— Dataset entries —
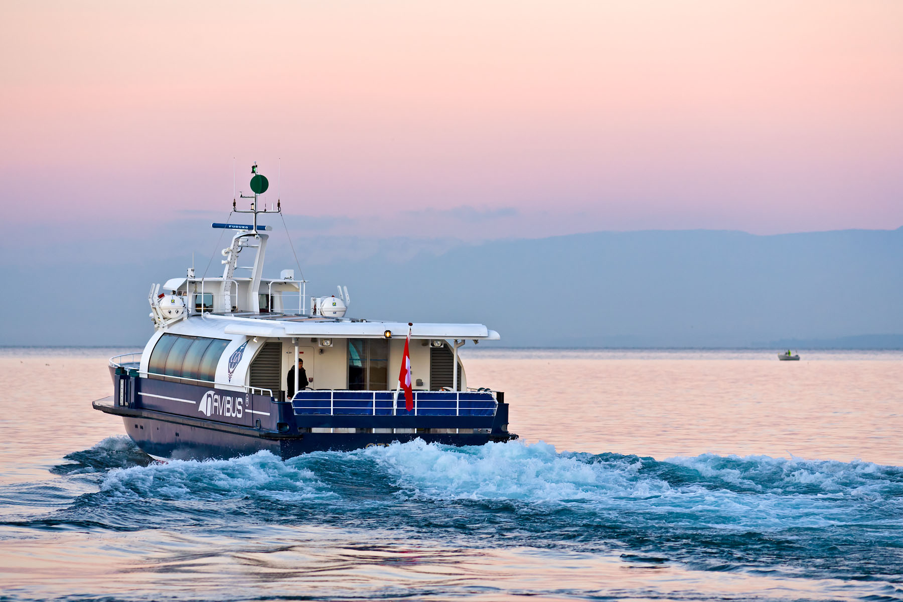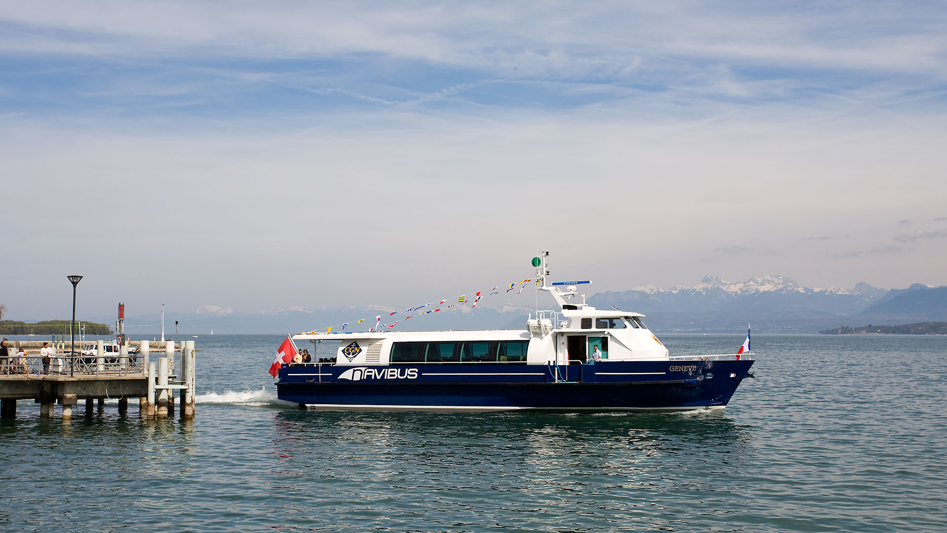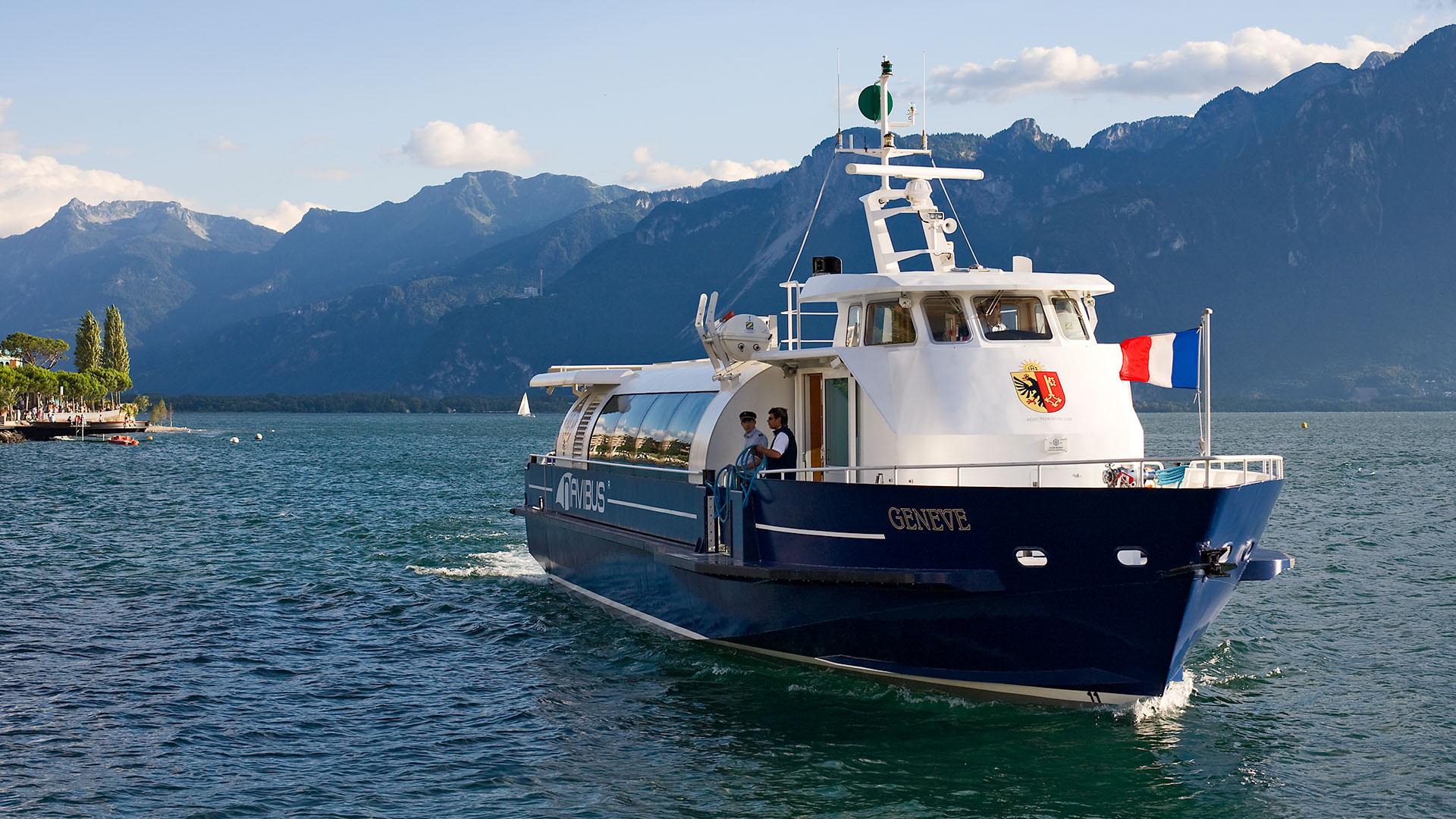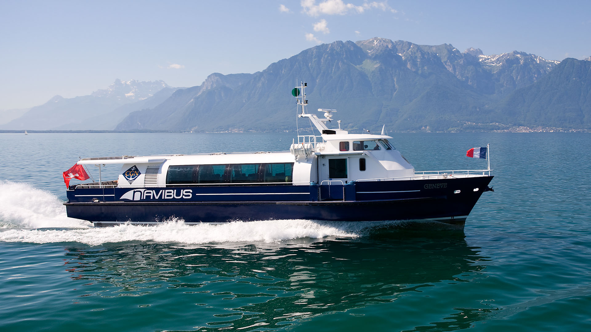 Présentation du bateau en avant-première aux autorités valaisannes; course de démonstration Le Bouveret-Évian-les-Bains & retour (23 octobre 2007)>
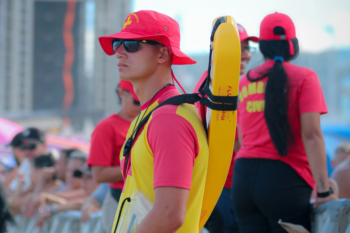 Durante todo o dia, guarda-vidas permaneceram distribuídos ao longo da orla, enquanto equipes do SIATE ficaram de prontidão antes, durante e após os eventos, garantindo resposta rápida em situações de emergência.
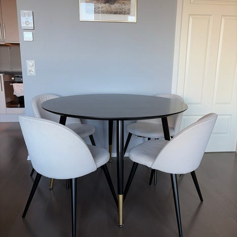 4 stoler. Brukt som ekstrastoler, derfor pent brukt. Nette og passer fint å dytte til bordet.
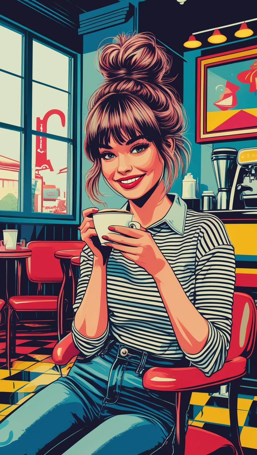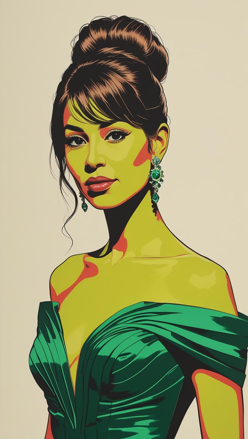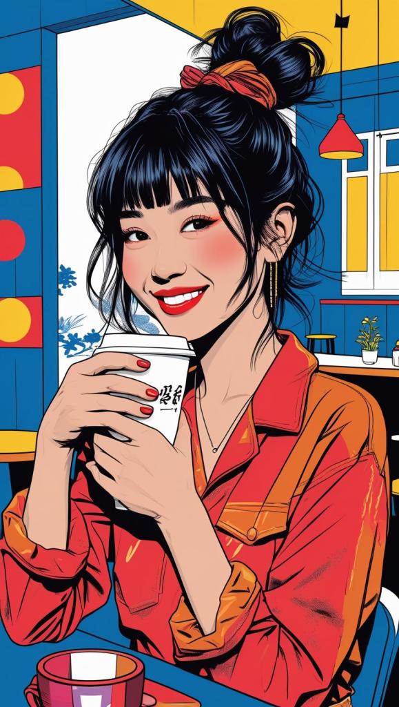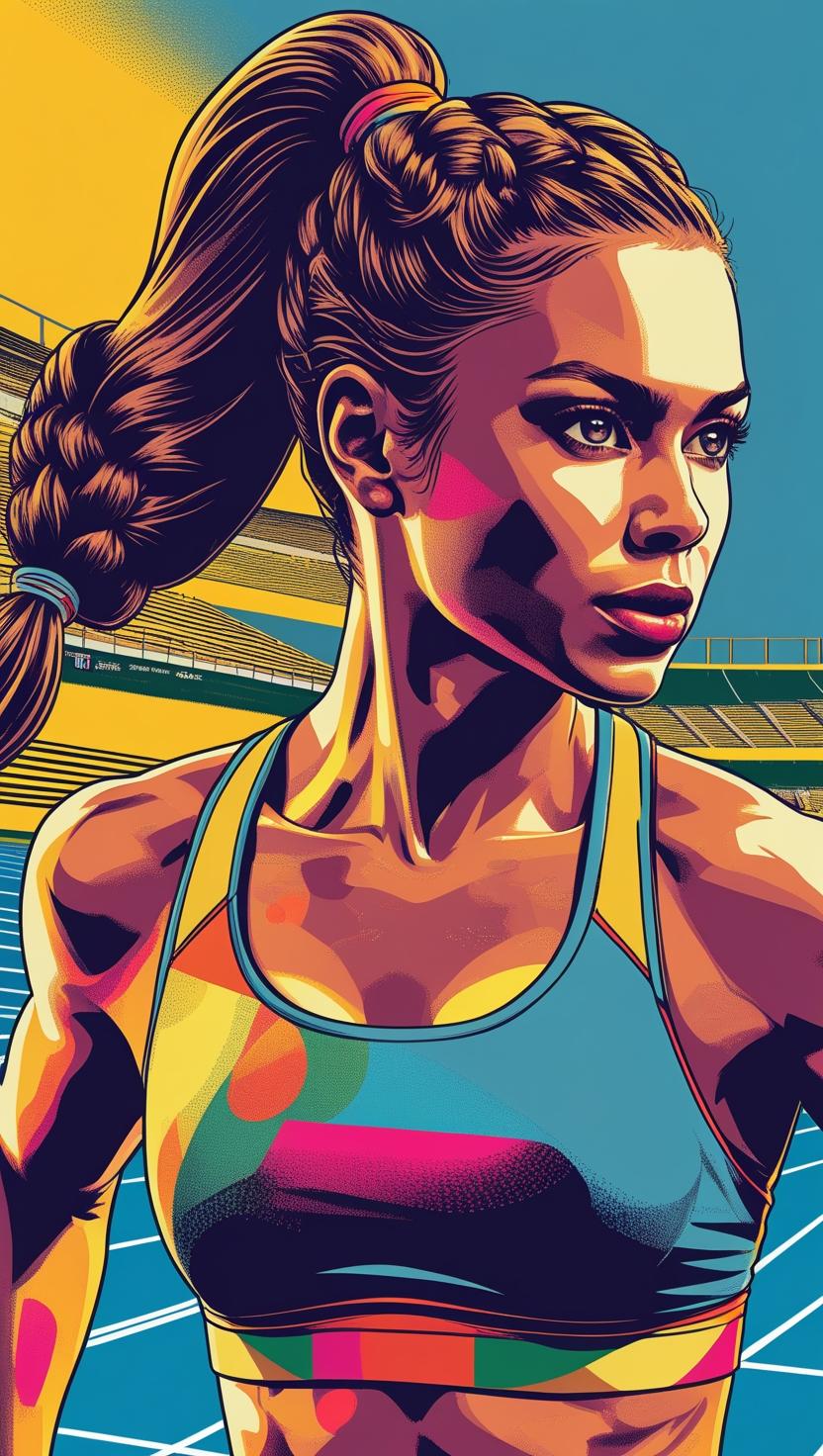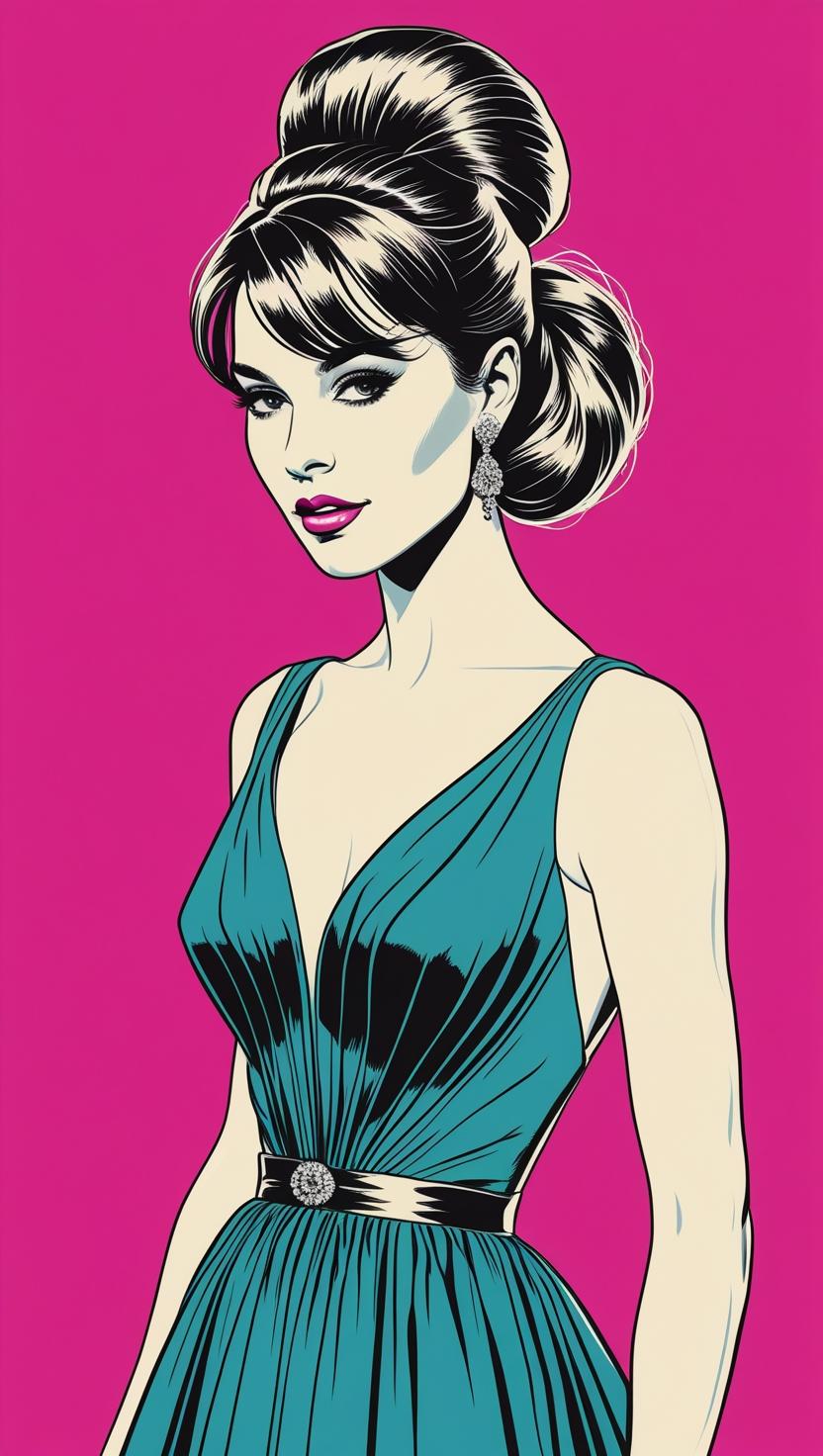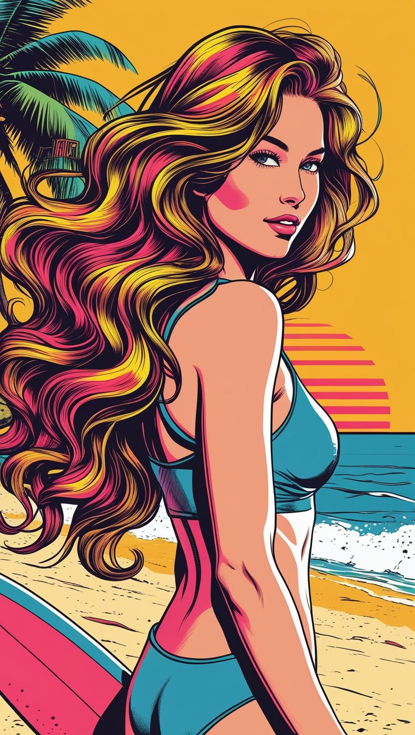 A futuristic woman with vibrant, metallic space buns and neon streaks, against a backdrop of glowing city lights.short hair
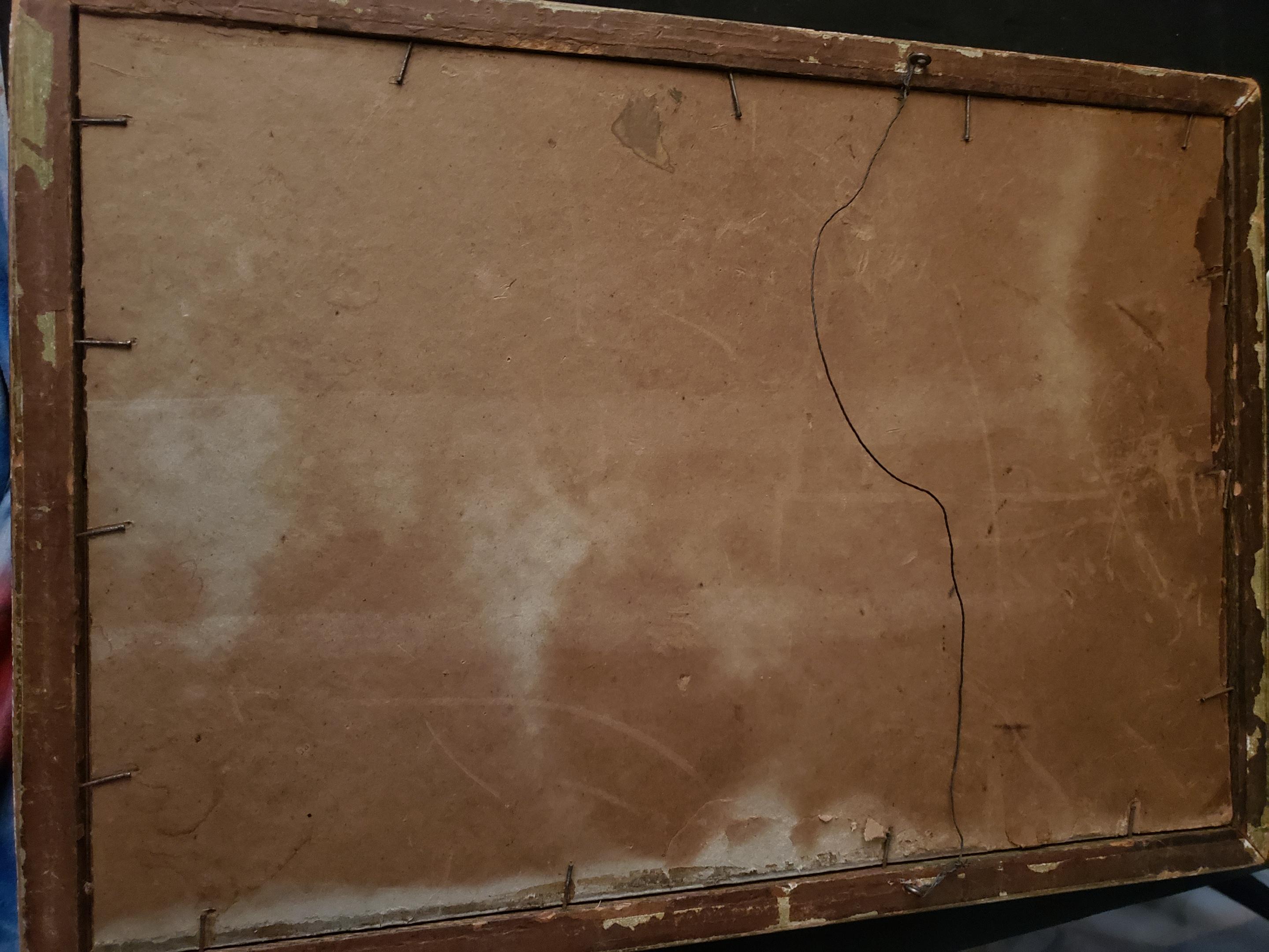 It has a signature on the bottom that is hard to make out. It's framed, probably in original frame (glass cracked).

— Requirement —
Each line from the one with "A futuristic woman" to the end of the material needs to be output word for word, with no picture included.

— Response area —
 A futuristic woman with vibrant, metallic space buns and neon streaks, against a backdrop of glowing city lights.short hair
 It has a signature on the bottom that is hard to make out. It's framed, probably in original frame (glass cracked).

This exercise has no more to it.